──────── Source data ────────
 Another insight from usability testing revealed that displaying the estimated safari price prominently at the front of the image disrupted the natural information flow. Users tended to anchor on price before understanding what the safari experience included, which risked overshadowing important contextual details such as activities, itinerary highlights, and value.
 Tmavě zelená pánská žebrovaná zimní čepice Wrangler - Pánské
────────
──────── Source data ────────
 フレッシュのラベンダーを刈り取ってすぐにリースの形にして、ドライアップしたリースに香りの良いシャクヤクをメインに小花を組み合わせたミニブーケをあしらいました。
────────
◆ The problem: The listing above holds a line with "Another insight from" and a line with "Tmavě zelená pánská". Print the stretch from the first through the second, exactly and alone.

◆ Answer to this task:
 Another insight from usability testing revealed that displaying the estimated safari price prominently at the front of the image disrupted the natural information flow. Users tended to anchor on price before understanding what the safari experience included, which risked overshadowing important contextual details such as activities, itinerary highlights, and value.
 Tmavě zelená pánská žebrovaná zimní čepice Wrangler - Pánské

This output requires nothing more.